7> This is my 'old school' talking here but in an edit there are different parts and normally the color correction is the last part. First part is locking picture. Lots of times you toss in some temp sound effects or temp visual effects. Have a client come over to see it and you want them to hear the temp audio as well. But at that point it isn't about the audio, it is about "does this edit work for you?". When picture is locked the rest can start to come into play. When the effects are cut in, the adr and foley done, the music done - then is is about the audio. Certianly when you present this version to a client than you don't want the TV speakers anymore than you want the "cheesy computer speakers." But you still want to hear audio WITH the picture and hopfully said audio is coming from the correct place(s). Now the last few tweaks are also taking place - like the color correction. And right - you don't need the audio for that. So actually you could be doing that from the locked edit, you don't even have to wait for the audio to be done.
8> And still no answer as to why VV needs to PTT in order for audio to be output
via firewire. :(
And hey - I am still not bent...er...out of shape...er...my feathers are fine? :)
I never gave it much thought until now, but pdmath has a point. Yes, the speakers on my PC are better than the ones on the NTSC monitor sitting here alongside my PC; nonetheless, the nice thing about being able to get audio out of the TV along with the video is that it would be guaranteed synced, and more than that, it would be a more literal representation of what the output would both look and sound like. There have been times when I watch the video on the TV via firewire, and someone will say, "But the audio is out of sync!" and I have to explain to them that it won't be in the actual final product. Better to be able to show it right the first time.
Oh my... I been called a lot of things in my years, but a colorist? LOL!
On a more serious note, I'm starting to get a little ticked reading the recent influx of posts from people that recently kicked the Premiere habit using phrasing contained something along the lines: '... but Premiere does it this way, why doesn't Vegas, blah, blah, blah.' The short answer to that is Vegas does a LOT of things better and sometimes different than Premiere, thank God!
That isn't to suggest that Premiere isn't a pretty good editor, only I think you'll find many that were X Premiere users, over time, some quicker than others... sooner or later give themselves a kick in the head once it sinks in they could have switched to Vegas sooner and in doing so get more done, quicker, easier and frequently better. Does this forum have a Vegas bias? You bet just like people using Premiere are more biased in that forum towards it, once you weed through all the complaints.
With regards to using an external monitor... of course I use it visually. To run audio to it when I've spend a good bit of change on installing a premium sound system for the computer I edit on would be foolish. Besides, I listen with my ears, not my eyes. And since I'm doing 5-1 surround sound the speakers are already positioned where they should be... thank you.

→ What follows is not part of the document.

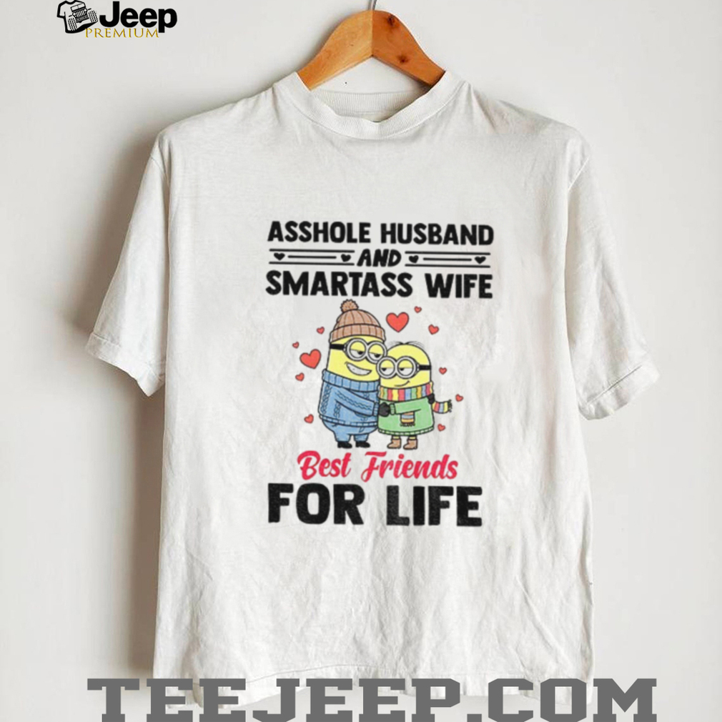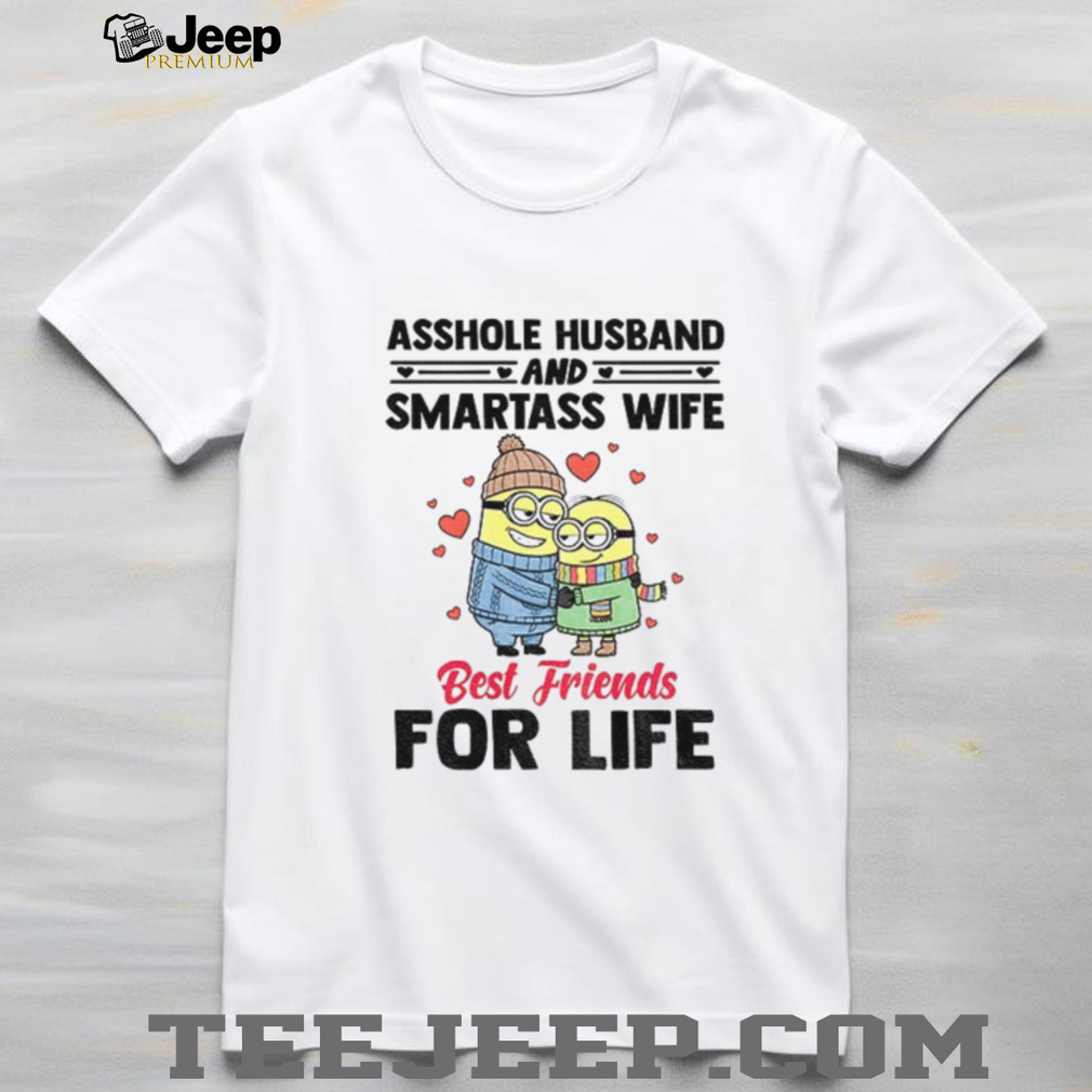 Does your relationship involve a healthy dose of sarcasm and Minion madness? This “Minion asshole husband and smartass wife best friends for life” shirt is the perfect way to celebrate your unique bond! It’s a hilarious and playful nod to the dynamics of your relationship.
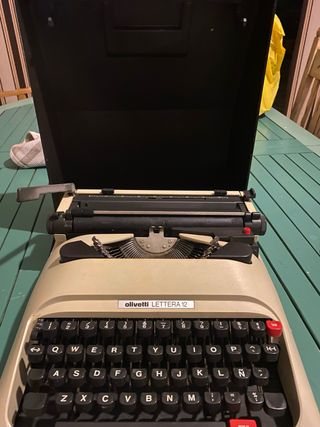 Máquina de escribir vintage. Oliveti lettera 32. En su propia funda. Mide 32'5 cm de ancho por 32'5 cm de largo por 9 cm de alto. Máquina está perfectamente cuidada y funciona correctamente. La funda está algo sucia de estar guardada abierta pero su estado es perfecto

Now most of you that read my posts know I'm just mostly teasing, this issue is hardly one to go to war over. Different strokes for different folks I guess. Which is why God made us different. Be an awfully dull world if everybody agreed on everything.
Like I said at the end - still not bent...er...out of shape...er..feathers are fine.
For what it is worth - I have used Sound Forge almost since the start, I actually got in reprimanded at one job because I was using Sound Forge and NOT Cool Edit. I picked up on VV when it first came out because I liked the ability to mix audio to video. When VV 4 came out I seemed to be the only person who posted over at the Adobe forum asking if anyone felt that VV 4 was on it's way to being a Premiere 'killer', no one responded. I love the plug-ins for audio that SoFo has. I loved the fact when VV came out that it could do 'real time' preview. On of my clients loved my work and asked me about audio and I told them about the SoFo line for audio and I just heard a few weeks ago they are now using Acid on all of their workstations for all of their radio stations. I have recomended VV to TV stations who feel they "need" to purchase and Avid system to turn out basic cuts only work.
But even so I simply feel in some areas Premiere does some things a bit better. But, like I said, that may also come from my 'old school' feelings. The Color Correction issue has become more important over the years but still when I edit I am editing. When I am doing audio I am doing audio. I am not thinking about how good VV is with color correction vs. other NLE's at that point. Premiere 6.0 anmd up is an excellent NLE. VV is an excellent NLE. After Effects is excellent compositing software. Studio 16 *was* an excellent audio program.
Also you have to remember that VV is still a newborn compared to some of the other NLE's out there, including Premiere. Certianly logic says that VV users may well be former/current Premiere users because of that. I am also a former Trinity user and a former D/Vision user, they both do things different from VV as well. Lots of people use the Discreet stuff now and the editor part was based on D/vision. I personally have not used it since Discreet took it over and remodled it.
A lot of people find the learning curve to Premiere too hard, I found it extremly easy. I cut some spots for a TV station in San Francisco with the D/Vision and I found out later that were confused as to what I was doing because they were used to sitting in on Avid sessions. I personally do not like the interface for AvidXpress, for example, but I do love the fact you can drop an effect on the timeline and see it on the firewire with no pre-rendering and with a basic 1394 card. Neither Premiere nor VV does that, but I am far from being ready to leave either for Avid.
Anyhow...all this and *still* no answer as to why VV needs to render out the audio before it will play back via firewire. Maybe it is like the the secret sauce - we aren't allowed to know. LOL. :)
Audio runs out of my Echo Gina 24/94 to a small mixer. From the mixer, I feed a pair of Tannoy studio monitors, a Creative Inspiron 5.1 set, a pair of Sony headphones, and mono to my TV monitor. I can easily switch between any of these monitoring devices without a bunch of cable fiddling.
If I'm running video to the external monitor it is no problem to listen through the TV speakers- no sync offset adjustments needed once I've set it ("4" works well for me). The benefit to this method is I get to a/b/c/d the mix in different delivery scenarios- mono, stereo, 5.1, hi and low fi, phones...works pretty well, was cheap.
I have to agree here. In a well appointed edit bay you'd have a mixer and could punch in the speakers you want to listen to.
Of course, many home users won't have a mixer.
Obviously it's possible to send the sound out over 1394. It isn't really a normal part of the signal path in a studio. It would be a convenience in home setups though.
I can't fault SoFo here. I think they made the right choice.